そして、よく事情も飲み込めないままに全員は店を後にした。


「コイツ等の分は……まあ良い。どうせ俺への『嫌がらせ』に何も知らされずに付き合わせられただけだろうからなァ」

「おー。さっすが中也!嫌がらせを受けることに関しては免疫あるねえ」

「うるせェ!」

中也が探偵社員を一瞥しながら云うと紬がパチパチと手を叩く。
存在を忘れかけていた部下2人は深々と頭を下げている。
それを止めさせてから中也は太宰をビシッと指差した。

「だが太宰!手前は別だ!飲み食いした分、きっちり払いやがれ!!」

「何云ってるんだい中也ともあろう者が。私がお金なんて持っているわけないでしょ」

「自慢げに云うんじゃねぇよ放浪者がぁ!!!」

怒鳴る中也を同じ顔で笑いながら見る太宰兄妹。

居たたまれなくなったのか。
国木田が懐から財布を取り出す。

「太宰の代わりに俺が」

「あ?手前の金なんて要らねェよ眼鏡」

「しかし……」

「金が欲しいワケじゃねぇから気にすンな。大体、手前もこの糞兄妹に嵌められたクチだろーが」

「それは…否定出来ないが」

中也に説得(?)させられて国木田は財布を仕舞った。

「いやー人の金で飲み食いなんて本当に美味しいよね。

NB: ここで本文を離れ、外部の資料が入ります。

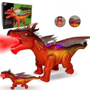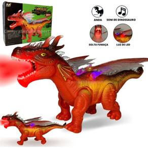 Explore uma incrível aventura com o Dinossauro de Brinquedo Solta Fumaça! Este dragão vermelho é perfeito para garantir muita diversão e imaginação para as crianças. Com ele, a brincadeira fica ainda mais realista, já que ele emite som, luz, anda e solta fumaça!
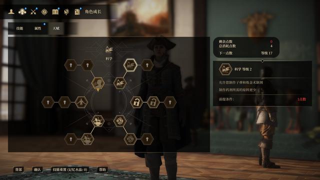 不过要注意的是一旦重置,技能、属性、天赋还有主角已经装备的武器和防具都会一并重置,虽然自由度很多高但却繁琐,所以还是建议遵循系统的提示来进行分配。不过并没有说就限制死了分配模式,只是系统建议的分配是比较合理的。比如笔者初期选择的是法师,但是天赋却没有点了法师最需要的科学,由于法师攻击消耗魔法,虽然能够无视护甲造成高伤害,但是回复速度慢,如果没有充足的药剂补充很难发挥法师的长处。加上前期商店内的药剂价格十分地奸商,性价比完全比不上点亮科学天赋后能够进行原料采集加以合成地药剂,所以无论你选择哪一个职业定位游玩,笔者都推荐初期点亮科学天赋第一等级。

ご馳走様紬」

「満足してもらえたなら良かった。また同じ事をする時は誘うから」

「うん。待ってるよ」

太宰は紬の左頬に手を添えて、右頬にキスを1つ落とした。

「あ………」

そんな光景をただでさえ赤い顔をしていた国木田は真っ赤になりながら。
谷崎兄妹も頬を染めながら見ていたのに対し、

「如何したの?」

何かに気づいた敦と、その間の抜けた声に反応した鏡花。

「いや、太宰さんの右手……」

「右手?」

鏡花がキョトンとしながら太宰の右手を注目する。


ーーー薬指にあるのは紬と同じ指輪だ。


中也の隣に居た山吹も、その指輪を確認すると
安堵し、そして笑ったのだった。